BEGIN Source records

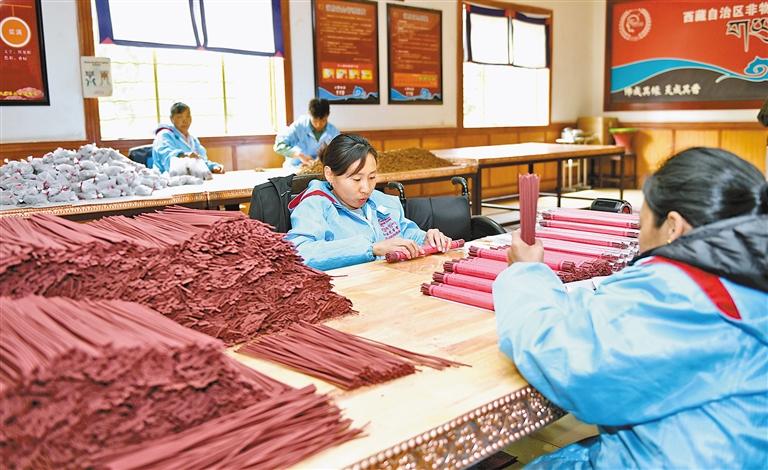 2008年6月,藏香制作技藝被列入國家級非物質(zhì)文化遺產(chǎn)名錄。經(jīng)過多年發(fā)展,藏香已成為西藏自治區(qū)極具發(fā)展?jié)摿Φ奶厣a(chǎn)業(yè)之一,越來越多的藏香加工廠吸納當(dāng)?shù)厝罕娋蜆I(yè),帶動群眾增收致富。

END Source records
BEGIN Source records

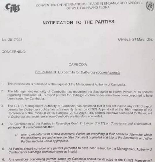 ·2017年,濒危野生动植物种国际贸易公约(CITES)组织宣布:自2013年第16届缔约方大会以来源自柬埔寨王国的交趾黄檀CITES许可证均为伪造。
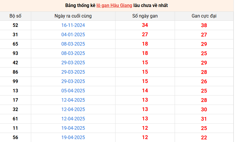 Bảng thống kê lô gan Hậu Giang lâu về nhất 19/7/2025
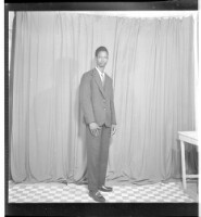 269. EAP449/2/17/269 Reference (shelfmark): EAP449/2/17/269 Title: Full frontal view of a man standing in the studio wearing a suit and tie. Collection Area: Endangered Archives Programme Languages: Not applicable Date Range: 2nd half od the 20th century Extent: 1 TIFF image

END Source records
BEGIN Source records

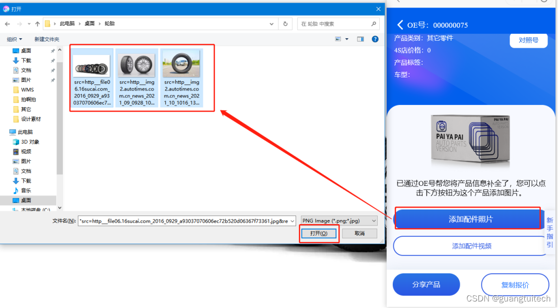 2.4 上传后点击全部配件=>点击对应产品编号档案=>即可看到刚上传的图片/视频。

END Source records

**Requirement:**
Go to the line above holding "Bảng thống kê", then copy exactly each line down to and including the one holding "269. EAP449/2/17/269 Reference", leaving pictures out.

**Response to the exercise:**
 Bảng thống kê lô gan Hậu Giang lâu về nhất 19/7/2025
 269. EAP449/2/17/269 Reference (shelfmark): EAP449/2/17/269 Title: Full frontal view of a man standing in the studio wearing a suit and tie. Collection Area: Endangered Archives Programme Languages: Not applicable Date Range: 2nd half od the 20th century Extent: 1 TIFF image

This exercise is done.